Going agile: The main reason I don’t like linear development processes such as Waterfall is that they don’t take into account the fact that most people never know all requirements up-front. Same with Kiro’s spec-driven development; the initial requirements and design were good enough to get started, but not good enough to implement everything in one go without feedback loops and course corrections. When I am leading engineering teams, I break down development units into experiences with a well-defined scope and outcome that can be validated through a demo. For this site, one example experience could be reading an article, or navigating the site. The finished product is a collection of such experiences and their iterative improvements. For my next project, I will add such a layer to the spec-driven development process so that I have clear milestones with feedback and validation before proceeding to the next task. With this approach I will catch issues early and refactor or pivot at minimal cost and effort.

Key take-aways

My experience building with Kiro was enlightening in different ways. First, while AI-augmented coding has limitations, it is evolving fast and I am convinced it is here to stay. However, I do not agree with the sentiment that it replaces human developers. What my experiment has shown me is that humans in the loop are critical to delivering the right outcomes. On its own, the AI assistant lacks good judgement on what is important. The fact that adopting best practices from software engineering such as documenting architecture decisions and taking a more iterative/agile approach to delivering software improve on the default experience also highlights that pure vibe coding is not the way to build production-ready software. To deliver the right outcomes, developers using these tools need a broader set of expertise across software engineering, product management, and technical project management. For engineering leaders, this means investing in developing these broader skills within your teams, not just adopting the tools.

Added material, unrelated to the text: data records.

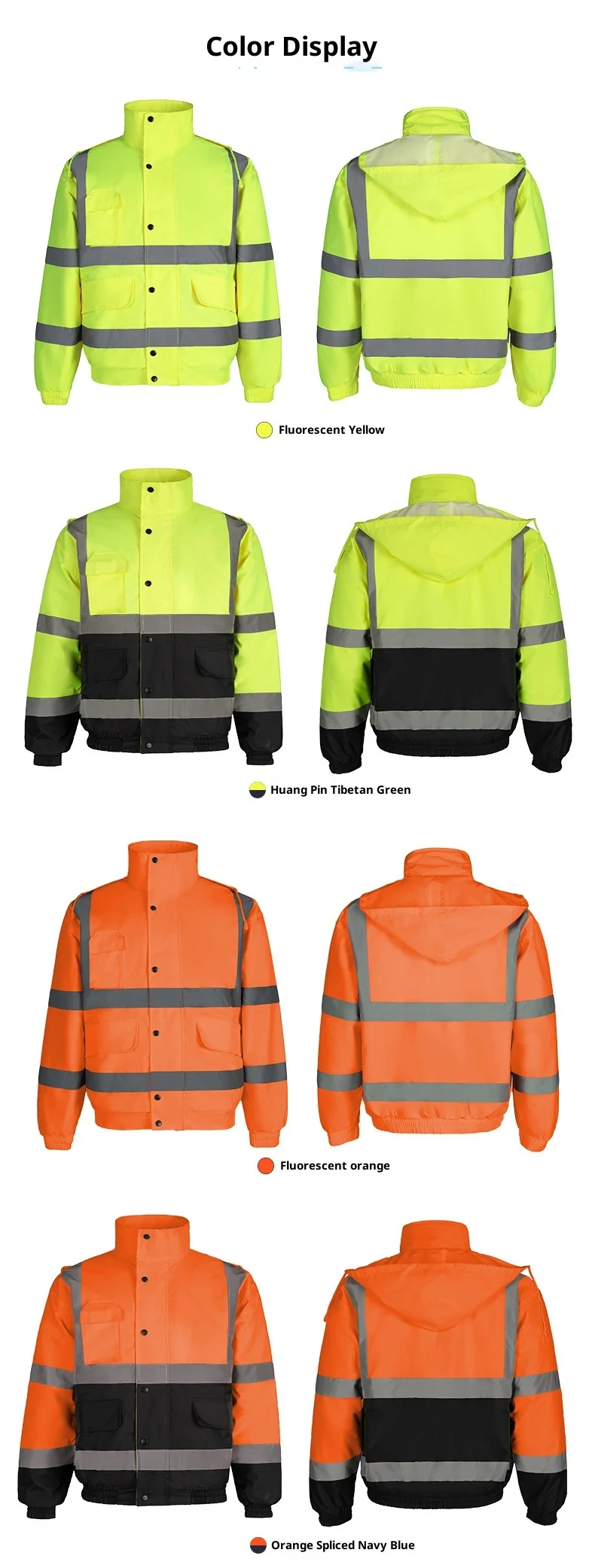 Aspectul cu dungi, culorile, etichetele și logo-urile pot fi personalizate pentru a se potrivi cu standardele uniforme existente sau pentru a crea o nouă colecție. Acestjachetă bomber de siguranțăeste o bază solidă pentru distribuitori, mărci și antreprenori care au nevoie de aprovizionare constantă.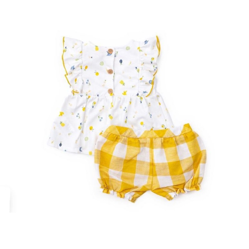 completo composto da blusa svasata a fantasia frutta, con volant su giromanica e coulotte a quadri abbinata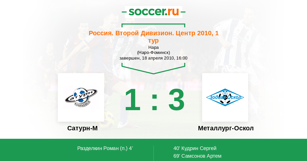 Протокол матча Сатурн-2 против Металлург-Оскол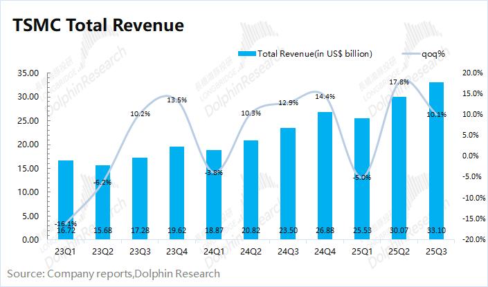 台积电在2025年第三季度实现营收331亿美元,超出公司此前指引区间(318-330亿美元)。本季度收入环比增长10%,主要受手机业务和AI芯片增长带动,以及汇率变化的影响。若从新台币口径看,公司本季度收入环比增长6%,符合指引区间。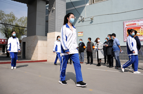 据悉,师生入校前,要在家中自主测温,并填写体温登记表。到达学校后,所有人按照地面引导线,间隔2米排队,先是穿过红外线测温仪,然后在消毒垫上对鞋底进行消毒,随后,继续排队进入教学楼前,向老师出示居家体温测量登记表,并接受二次测温。老师会对所有学生体温进行登记,学生进教室前,班主任会在门口对其进行第三次体温测量。“我们要求,凡是在校期间,无论是入校晨检,还是洗手、如厕、取餐等,学生都要保持2米间隔,并整齐排队。”天桥区泺口实验学校(中学部)副校长甘福琼说。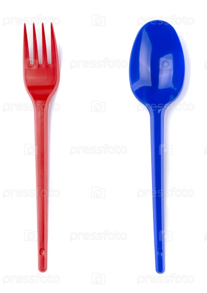 Пластмассовые вилка и ложка на белом фоне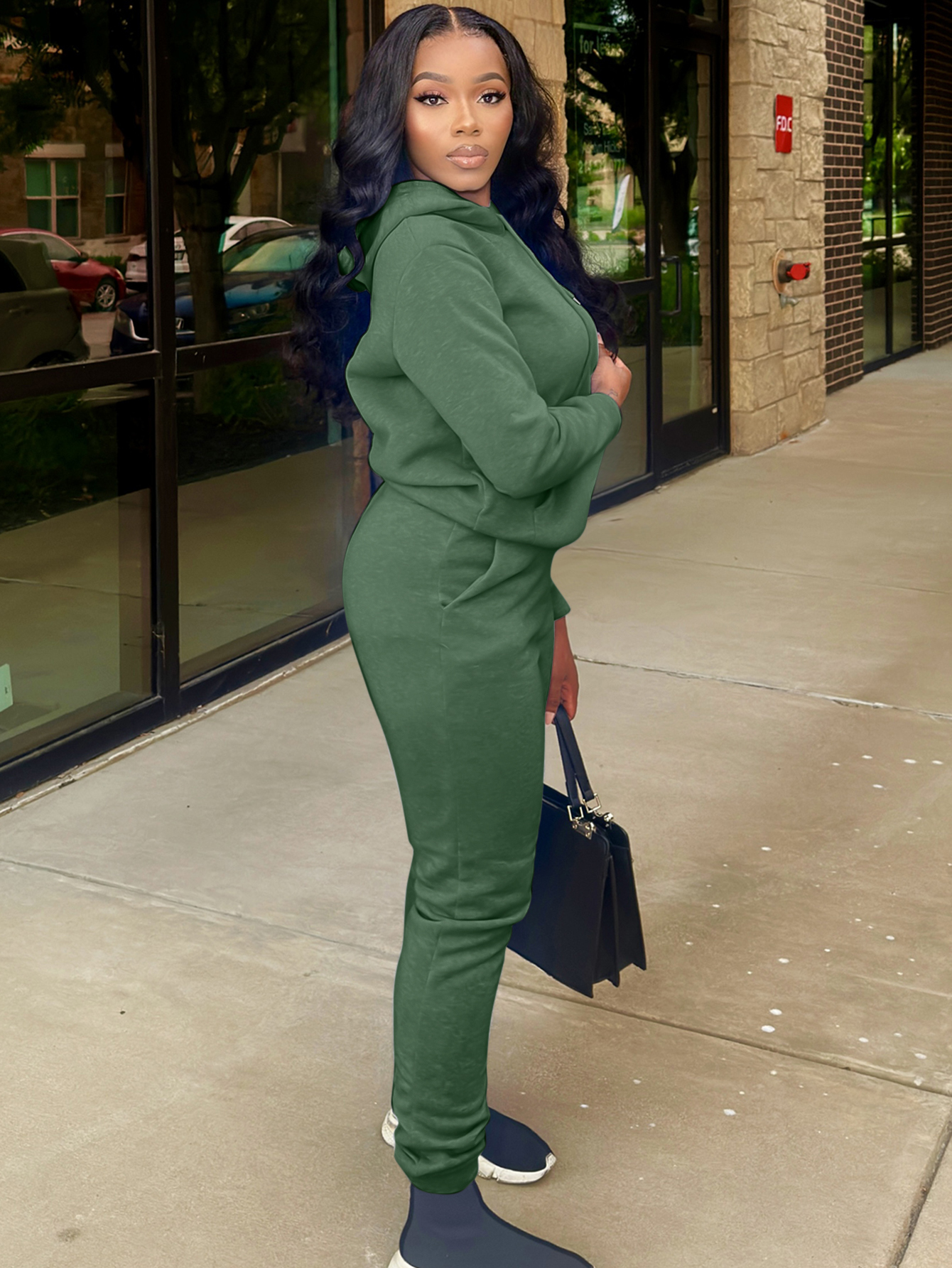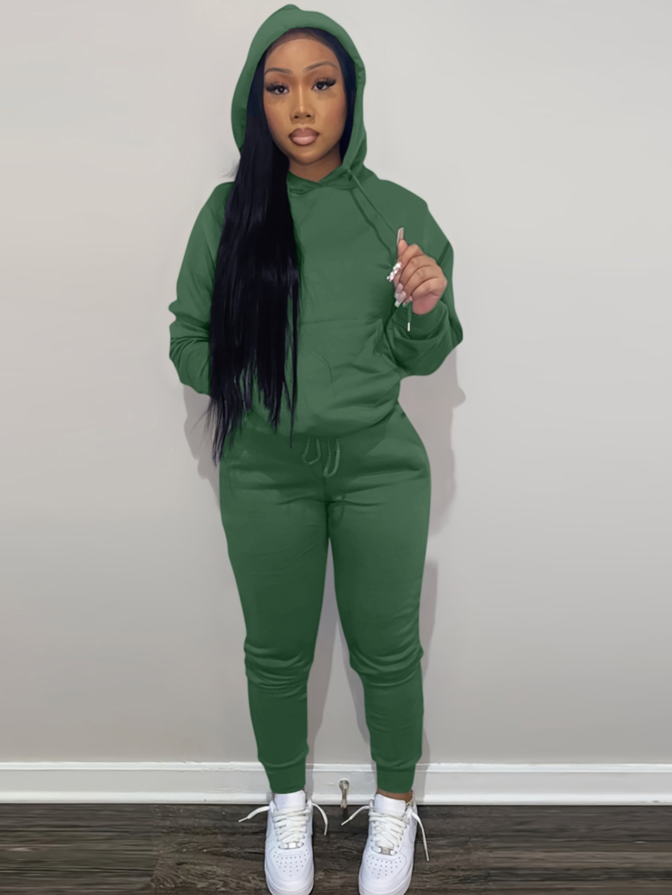 LW Lace Up Solid Color Regular Two-piece Pants Set.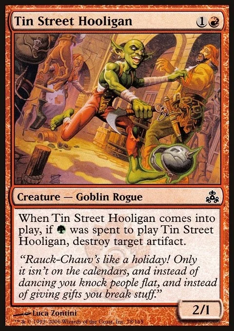 When Tin Street Hooligan enters, if {G} was spent to cast it, destroy target artifact.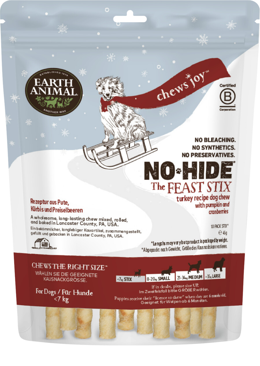 Earth Animal NO-HIDE žvečke v omejeni božični izdaji THE FEAST XMAS so naravne, lahko prebavljive in izjemno okusne žvečljivke, ki podpirajo zobno higieno ter sproščanje psa. Izdelane so brez kemikalij, aditivov in belil, zato predstavljajo varno in kakovostno izbiro za praznično razvajanje vašega ljubljenčka.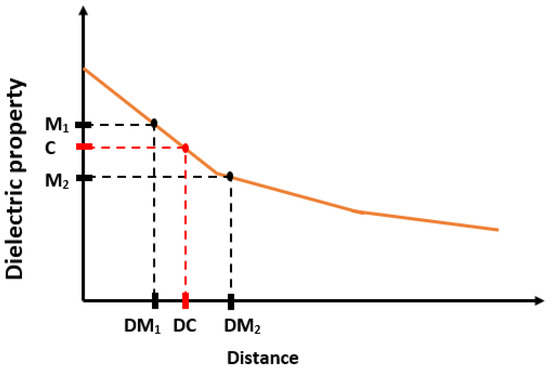 The distance (DC) was estimated for calculated dielectric property (C) based on percentage change using measured consecutive dielectric properties (M and M) and their distances (DM and DM).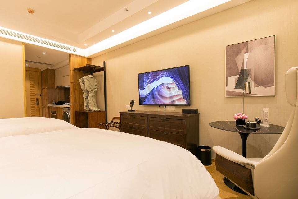 Location Looking for a home comfort: apartment «Fengyu International Apartment (Shenzhen Luohu Shuibei Jewelry City)» is located in Shenzhen. This apartment is located in 8 km from the city center. You can take a walk and explore the neighbourhood area of the apartment — Shenzhen Convention & Exhibition Center (SZCEC), Shenzhen People's Park and SIAT.At the apartment Spend an evening in a nice atmosphere of the bar. If you travel by car, there’s a parking zone. You won’t be bored as at the apartment you will find a library. Accessible for guests with disabilities: the elevator helps them to go to the highest floors. There are other services available for the guests of the apartment. For example, a laundry, an ATM and a concierge.Room amenities Here’s what you’ll find in the room to have a rest after a long day: a mini-bar and slippers. The room equipment depends on its category.
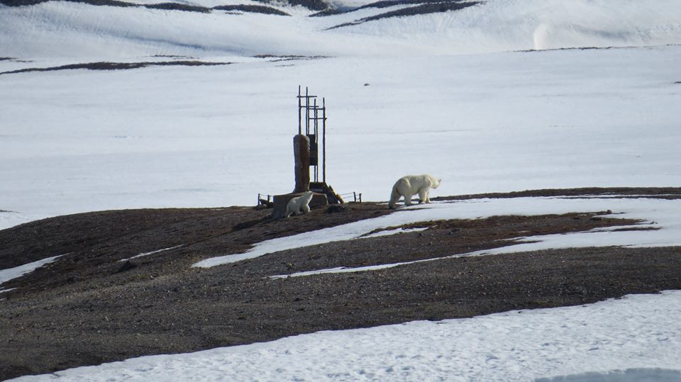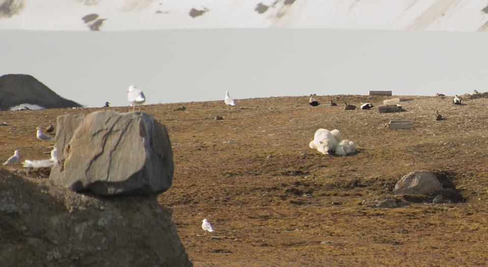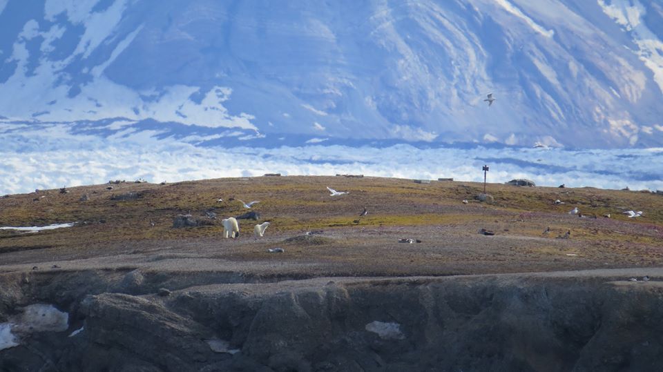 | One day before our arrival, a polar bear female with cub shows up on Prins Heinrichsøya. I wonder how many nests were eaten. | |

I am curious to see how this space is evolving. These are interesting times. But most importantly, it was fun!


  1. A requirements.md document articulating requirements in the form of user stories with acceptance criteria. ↩︎

  2. A design.md document covering architecture, components and interfaces, data models, error handling, testing strategy, and security considerations. ↩︎

  3. A tasks.md document with a list of tasks to track progress towards completion. ↩︎